Les nouvelles structures, fondées sur cette nouvelle mentalité, doivent renoncer à l'autonomie absolue des marchés et de la spéculation financière et s'attaquer aux causes structurelles des inégalités

La dignité de chaque personne humaine et le bien commun sont des questions qui devraient structurer toute politique économique, mais elles semblent parfois n’être que des appendices ajoutés de l'extérieur pour compléter un discours politique sans perspectives ni programmes de véritable développement intégral. Que de mots sont devenus gênants pour ce système ! Il est gênant de parler d'éthique, gênant de parler de solidarité mondiale, gênant de parler de distribution des biens, gênant de parler de préserver les sources d'emploi, gênant de parler de la dignité des faibles, gênant de parler d'un Dieu qui exige un engagement pour la justice. D’autres fois, il arrive que ces mots fassent l’objet d’une manipulation opportuniste qui les déshonore. L’indifférence confortable face à ces questions vide notre vie et nos paroles de tout sens. La vocation d'un chef d'entreprise est une noble tâche, à condition qu'il se laisse interpeller par un sens plus large de la vie ; cela lui permet de servir véritablement le bien commun, par son effort pour multiplier et rendre plus accessibles à tous les biens de ce monde.

Nous ne pouvons plus compter sur les forces aveugles et la main invisible du marché. La croissance équitable nécessite plus que la simple croissance économique, même si elle la suppose ; elle nécessite des décisions, des programmes, des mécanismes et des processus spécifiquement orientés vers une meilleure distribution des revenus, la création d’emplois, la promotion intégrale des pauvres dépassant le simple assistancialisme. Je suis loin de proposer un populisme irresponsable, mais l’économie ne peut plus recourir à des remèdes qui sont un nouveau poison, comme lorsqu’on cherche à augmenter la rentabilité en réduisant le marché de l’emploi et en créant ainsi de nouveaux exclus.

Si nous ne parvenons pas à ce changement de mentalité et de structures, nous sommes condamnés à voir s’aggraver la crise climatique, sanitaire, migratoire et plus particulièrement la violence et les guerres, mettant en péril l’ensemble de la famille humaine, pauvres et non pauvres, intégrés et exclus, parce que "nous sommes tous dans le même bateau et sommes appelés à ramer ensemble".
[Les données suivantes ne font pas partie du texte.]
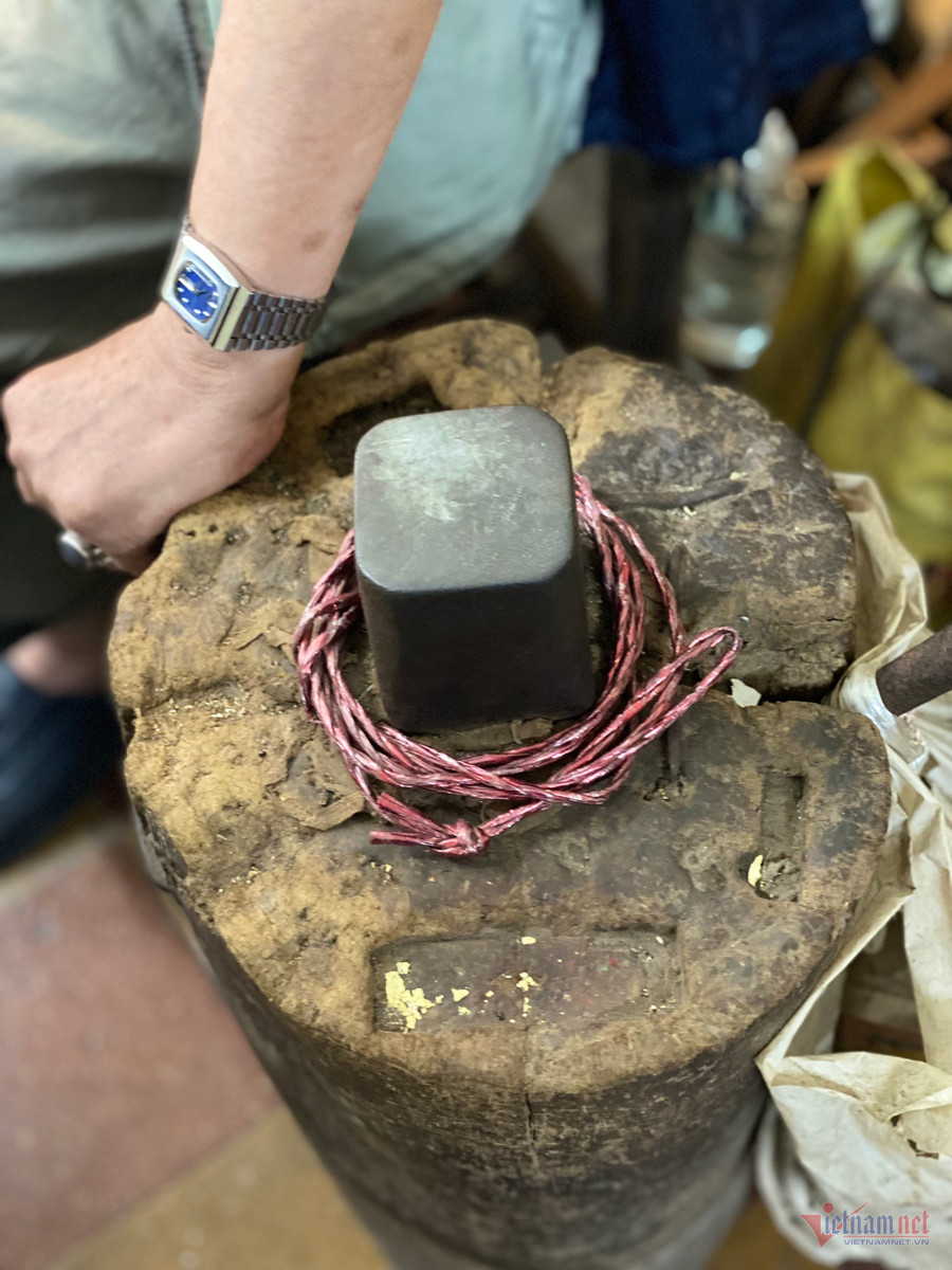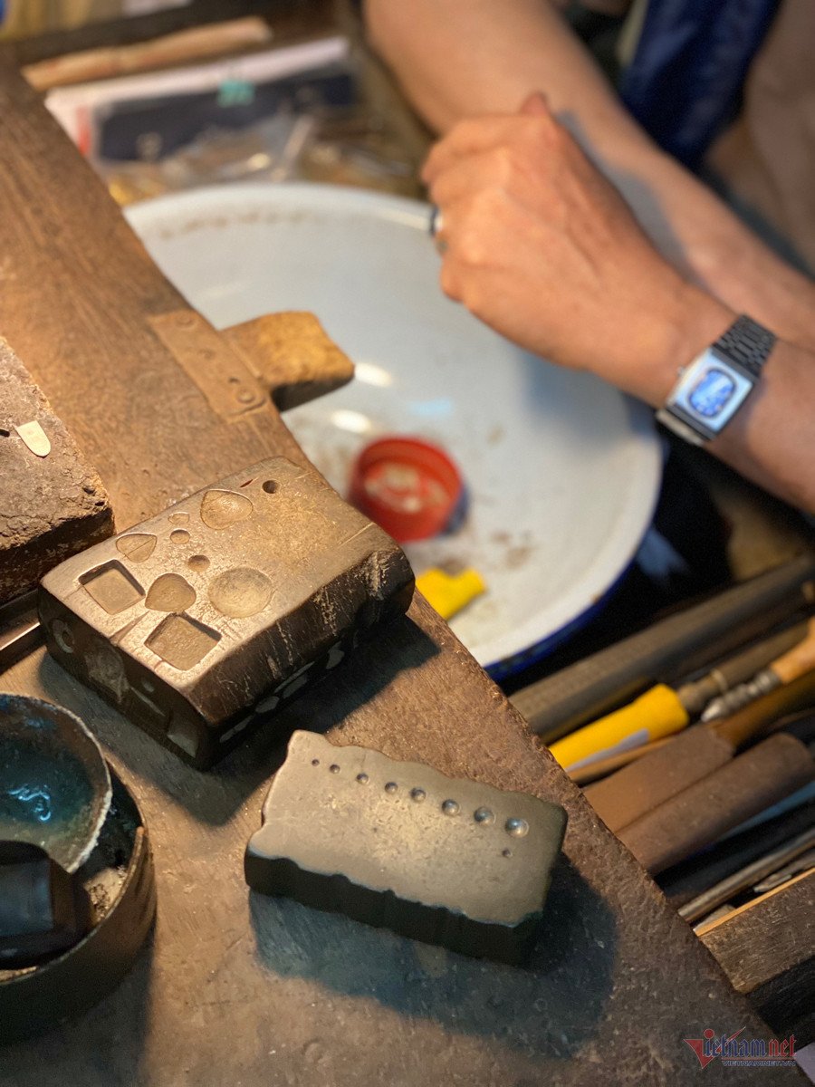 Ông cười kể: “Tôi quý những dụng cụ này như sinh mạng của mình, cũ cũng không vứt bỏ. Ngay cả mẩu gỗ nhỏ, nếu hỏng, chúng tôi sẽ mang đi đốt chứ không vứt vào thùng rác. Trước đây, gia đình tôi từng đốt một mẩu gỗ làm đế đe cũ. Sau đó tôi mang tro đi đãi, lọc ra được gần chỉ vàng. Bởi lúc làm, bụi vàng rơi xuống dưới, bám vào đế đe. Nhiều năm tích tụ lại cũng được ngần ấy”.
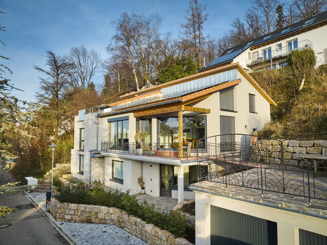 Eingebettet zwischen Schwarzwaldhängen und Freiburger Stadtrand liegt die Gemeinde Merzhausen – und mitten darin ein Wohngebäude, das technologische Raffinesse mit nachhaltigem Upcycling verbindet. Das freistehende Einfamilienhaus aus dem Jahr 1979 war bei seinem Kauf durch Kostas Papadakis im Jahr 2024 energetisch am Ende: Ein veralteter Ölkessel im Keller, ungedämmtes Dach, keinerlei moderne Haustechnik. Dazu noch modrige Wände, dunkle Innenräume und ein „Charme“, den selbst die größten Vintageliebhaber als „altbacken“ bezeichnen würden. Doch der Bauherr, zugleich Geschäftsführer eines Planungsbüros für Gebäudetechnik, erkannte das Potenzial des in die Jahre gekommenen Gebäudes.
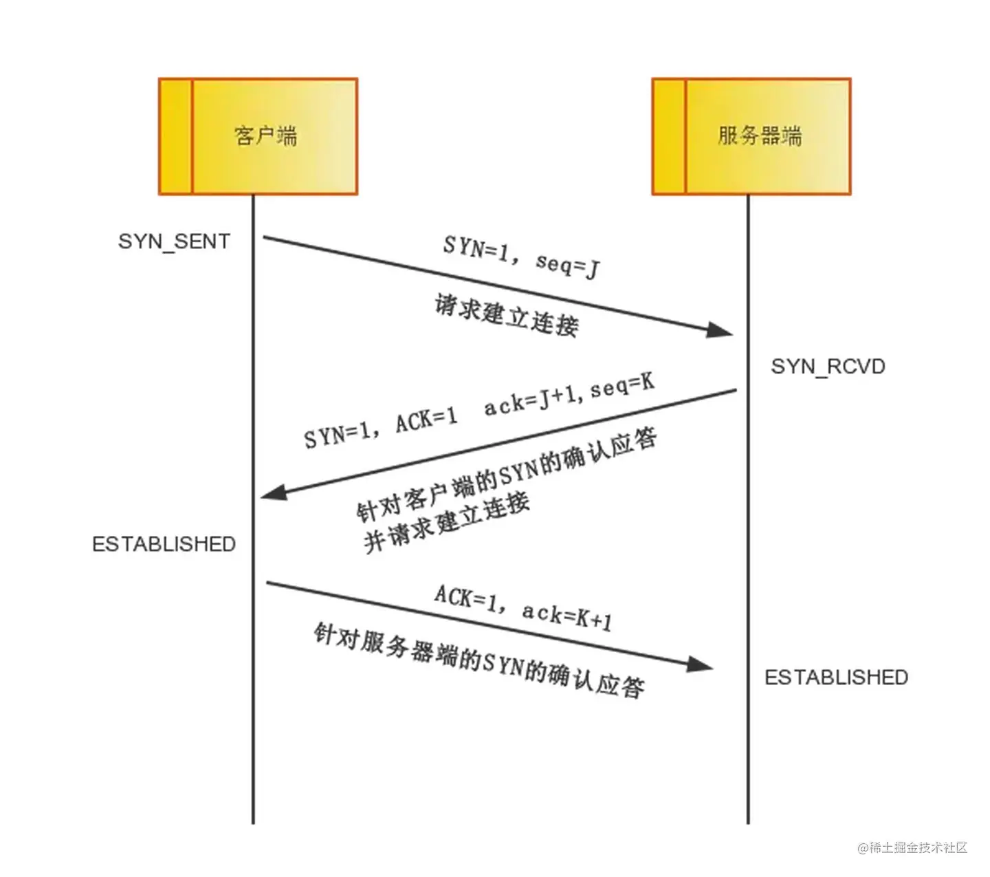 - 三去 (ACK):当客户端收到连接同意的应答后,还要向服务端发送一个确认报文。客户端发完这个报文段后便进入 ESTABLISHED 状态,服务端收到这个应答后也进入 ESTABLISHED 状态,此时连接建立成功

Dans Evangelii Gaudium, j’ai tenté de mettre en garde :

Aujourd’hui, dans de nombreux endroits, davantage de sécurité est réclamée. Mais tant que l’exclusion et les inégalités à l’intérieur d’une société, d’un pays ou entre les divers pays ne seront pas surmontées, il sera impossible d’éradiquer la violence. On accuse les pauvres et les pays pauvres de violence, mais tant qu’il n’y aura pas d’égalité des chances, les différentes formes d’agression et de guerre trouveront un terrain fertile qui tôt ou tard provoquera l’explosion. Quand une société — locale, nationale ou mondiale — abandonne dans la périphérie une partie d’elle-même, il n’y aura ni programme politique, ni ressource policière ou de renseignements qui puisse indéfiniment garantir la tranquillité. Cela arrive non seulement parce que l’inégalité provoque une réaction violente de la part des exclus du système, mais parce que le système social et économique est injuste à la base. De même que le bien tend à se communiquer, le mal consenti, qui est l’injustice, tend à élargir sa puissance nuisible et à saper silencieusement les bases de n’importe quel système politique et social, aussi solide puisse-t-il paraître. Si chaque action a des conséquences, un mal enraciné dans les structures d’une société a toujours un potentiel de dissolution et de mort. C’est le mal cristallisé dans des structures sociales injustes, dont on ne peut attendre un meilleur avenir. Nous sommes bien loin de la prétendue « fin de l’histoire », car les conditions d’un développement durable et en paix ne sont toujours pas correctement posées ni réalisées.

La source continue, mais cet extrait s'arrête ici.